# Audio Help!



## BLACKOUT (Mar 23, 2005)

I have a DUAL 2 12" Subwoofer/Box "XNBP12D" specs:
Two 12" subwoofers in a bandpass box 
1,100 watts peak handling capacity; 400 watts RMS 
Injection-molded polypropylene woofer cone with neodymium poly-treated foam surround 
Low-Q optimized dual drivers 
4-port (4"), dual-chamber bandpass design 
Dual IllumiNITE technology creates an iridescent blue glow 
Plexi subwoofer viewing window, mirrored chamber and carpeted enclosure 
No crossovers needed for simplified installation; easy add-on for existing systems. 
Frequency response: 24 - 180Hz 
Sensitivity: 89dB 
Impedance: 4 ohms 
Continuous Power Handling 600 watts
Peak Power Handling 1100 watts
Connection Type Terminal cup
Number of Voice Coils Single
Efficiency 89dB
Frame Material Stamped metal 
Surround Material Poly-treated foam









I also have a ALPINE Mono Amp "MRD-M300" specs:
150 watts RMS x 1 at 4 ohms
300 watts RMS x 1 at 2 ohms
MOSFET power supply and output stage
STAR Topology for cleaner sound
low-pass digital crossover, 30-200 Hz, 24 dB/octave
variable subsonic filter (15-50 Hz in 5 Hz steps)
parametric EQ variable from 30-160 Hz
Bass Compensator enhances low-end definition
top-mounted digital control center with cover
time correction 0-10 milliseconds in 0.5ms steps
phase correction 0-180 selectable
digital readout
detachable front cover
blue power LED
delayed turn-on
requires 8-gauge power and ground leads wiring and hardware not included with amplifier
speaker- and preamp-level inputs
gold-plated terminals


I know im not pushing my subs to there fullest. Does anyone recommaned
a AMP that can push, what my subs can handle? And a real good website to?
I have a panasonic head unit, the volume go's up to "40" i only turn it up to
"37". So i like to play my music load. So i need a AMP that will push my subs,
but not to blow them.

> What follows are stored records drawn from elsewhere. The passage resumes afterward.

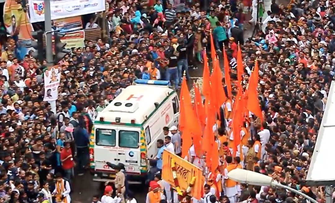 Description : A Pune en Inde pendant la Fête de Ganesh, une ambulance se retrouve coincée au milieu d'une énorme foule, heureusement l'ambiance était au beau fixe et le véhicule a pu se frayer un chemin très facilement. Des images comme on aimerait en voir plus souvent.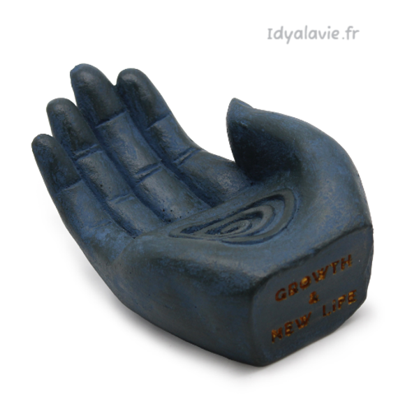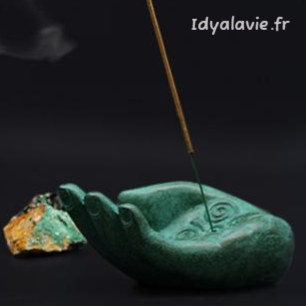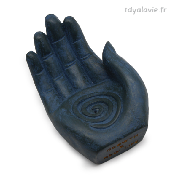 Porte-encens façonné à la main, chaque modèle est unique. Avec une inscription et un symbole de Fertilité gravée dans la paume.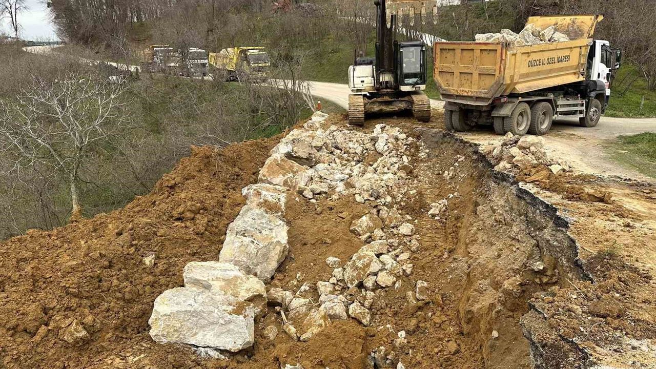 DÜZCE (İHA) - Akçakoca ilçesi Kirazlı köyünde meydana gelen heyelana anında müdahalede bulunuldu.

Can anyone help?


----------



## crazijoe (Oct 19, 2004)

http://www.audiobahninc.com/


----------



## JamesO (Mar 30, 2005)

http://www.phoenixgold.com/2004/amps.html

JamesO


----------



## yustr (Sep 27, 2004)

My son has a Kenwood amp driving his Kicker 12" sub...it's shaken the [email protected]#$ out of his Neon.


One Site Here


----------



## D_Unit_39 (Jun 19, 2005)

300watts should pound those subs reasonablly loud...on your deck do you have a subwoofer volume..if so try cranking it up more, and what are your gains set at..when you set your gains on the amp, you turn the deck up to your regular listening level then slowly turn the gain on the amp up until you hear distortion(clipping), then turn it back a little bit..i have 2 10s and 430watt rms amp and its plenty loud..but if you do want a better amp, id go with something from rockford fosgate, www.rockfordfosgate.com
but before you go and buy another amp, check your gains and what not...unless money isn't an issue, just go buy another amp. :laugh: 
Dennis


----------